EuropeanDataWarehouse
- European DataWarehouse
- Industry: Data warehousing
- Founded: January 2012
- Headquarters: Frankfurt, Germany
- Key people: Christian Thun CEO
- Website: eurodw.eu

= European DataWarehouse =

European DataWarehouse (EDW) is a Securitisation Repository designated by both the European Securities and Markets Authority (ESMA) and the Financial Conduct Authority (FCA). European DataWarehouse GmbH is part of the ABS Loan Level Data initiative established by the European Central Bank that is engaged in providing data warehousing services and full disclosure for investors in asset-backed securities (ABS). It provides an open platform for users to access asset-backed security data.

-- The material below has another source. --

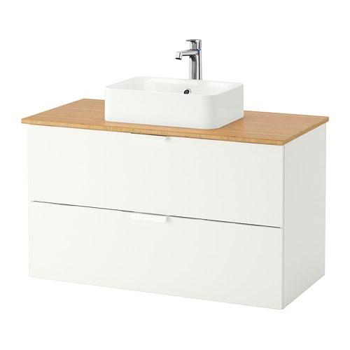 ГОДМОРГОН/ТОЛКЕН / ХОРВИК Шкаф со столешницей 45x32 раковина - бамбук, белый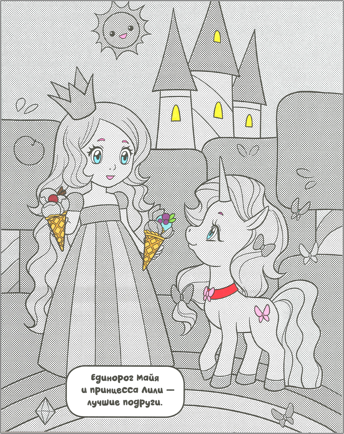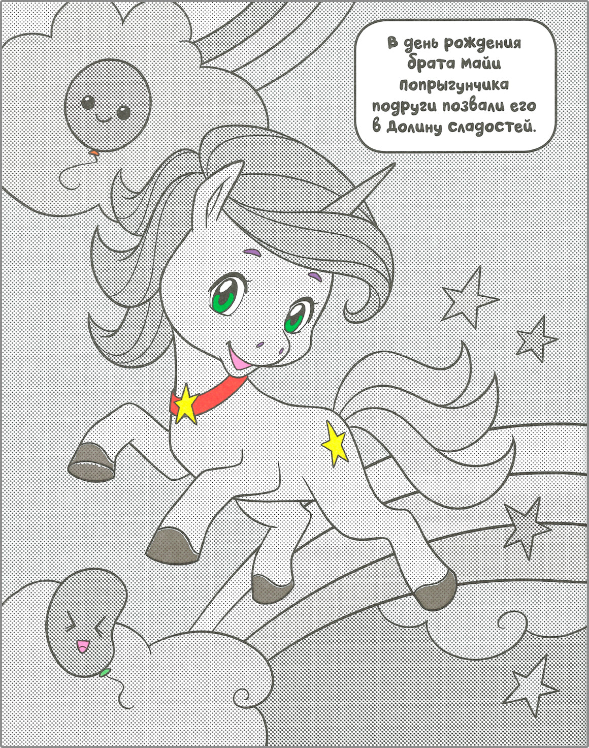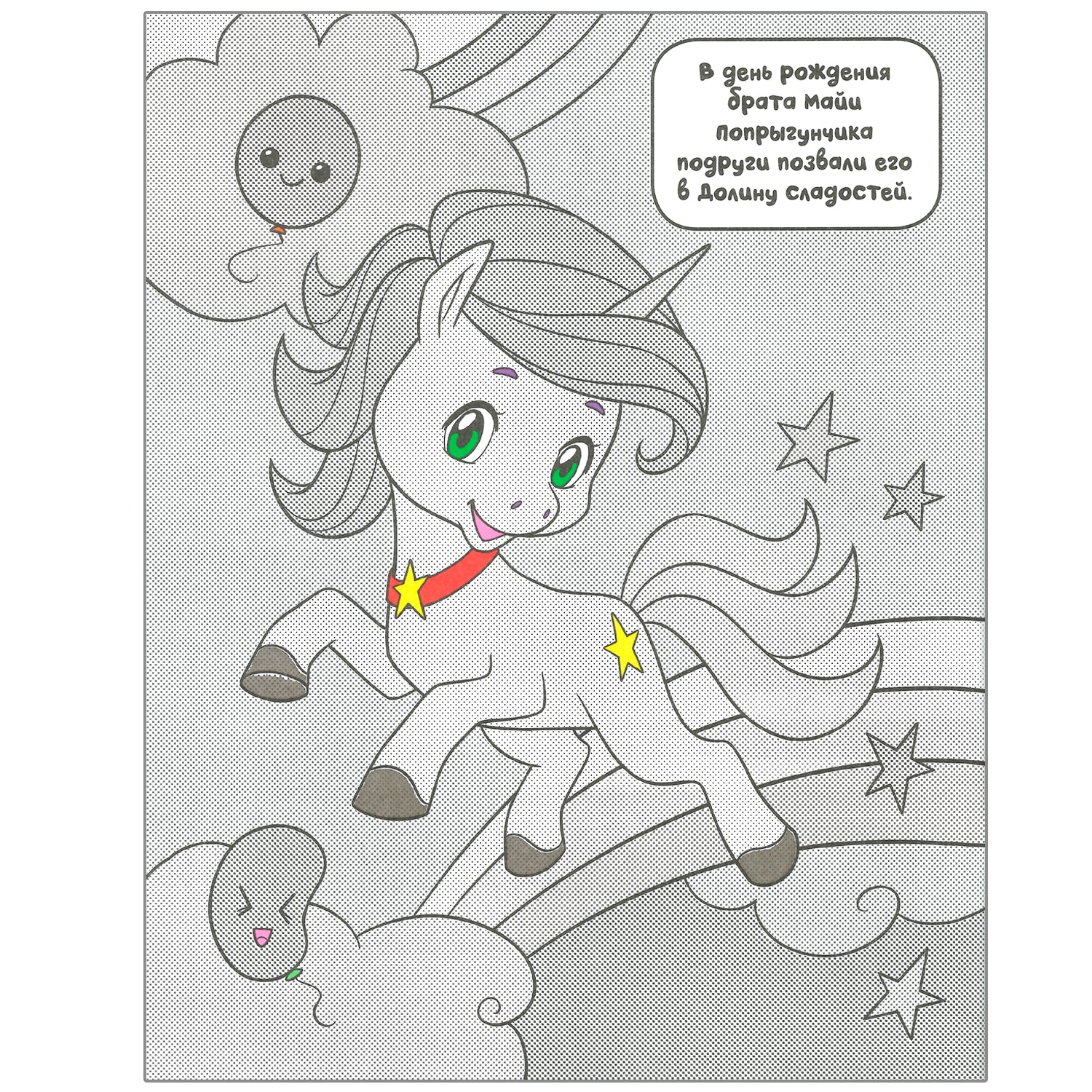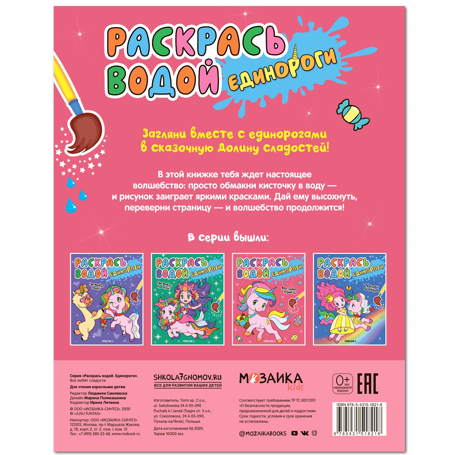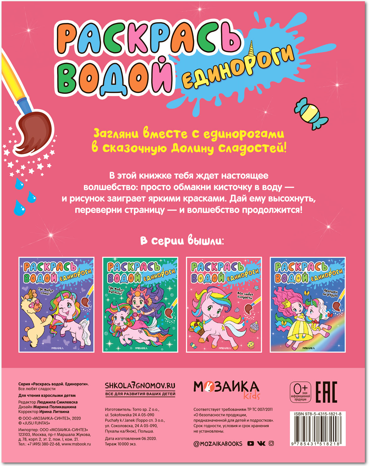 Все любят сладости (Раскрась водой. Единороги ) Раскраска «Все любят сладости» из серии «Раскрась водой. Единороги» — это волшебная водная раскраска для самых маленьких художников. Для работы с ней понадобится только кисточка и вода: проведите влажной кисточкой по странице — и рисунок заиграет яркими красками! Дайте раскрашенной страничке высохнуть, переверните ее — и волшебство продолжится. Познакомьтесь с жителями Сказочной страны — единорогами, и отправляйтесь вместе с ними в увлекательное путешествие в Долину сладостей. Читайте историю, раскрашивайте...

It is the first centralised data repository in Europe for collecting, validating and making accessible to download point-by-point, institutionalised and asset class specific loan-level data (LLD) for asset-backed securities (ABS) transactions. European DataWarehouse helps to facilitate risk assessment and improve transparency for European ABS deals.

== History ==
===ABS initiative===

The ABS Loan-Level Initiative was a Eurozone initiative from 2012 to standardize asset-backed securities (ABSs) information accepted as collateral in Eurosystem credit operations. It was put forward in response to the 2008 financial crisis, as the European Central Bank (ECB) wanted to restore confidence in the securitisations market.

The initiative began after support for the idea was recognised at an ECB public consultation. It establishes specific information requirements for asset-backed securities (ABSs) accepted as collateral in Eurosystem credit operations. The aim was to allow market participants access to standardized timely information on loans and their performance. Access to this information should allow market actors to make more informed decisions regarding asset backed securities. The Eurosystem believed that the new data requirements would help both investors and third-party assessment providers with their due diligence. It was hoped that the loan level initiative would help instill transparency and, ultimately, confidence back into the securitisation market following the 2008 financial crisis. The perceived problems were a lack of transparency and the absence of a standardised system across asset classes. These made it difficult to make accurate risk assessments of the securities. Enabling better risk assessment would then have the effect of encouraging investors and reducing then current levels of reliance on the Eurosystem.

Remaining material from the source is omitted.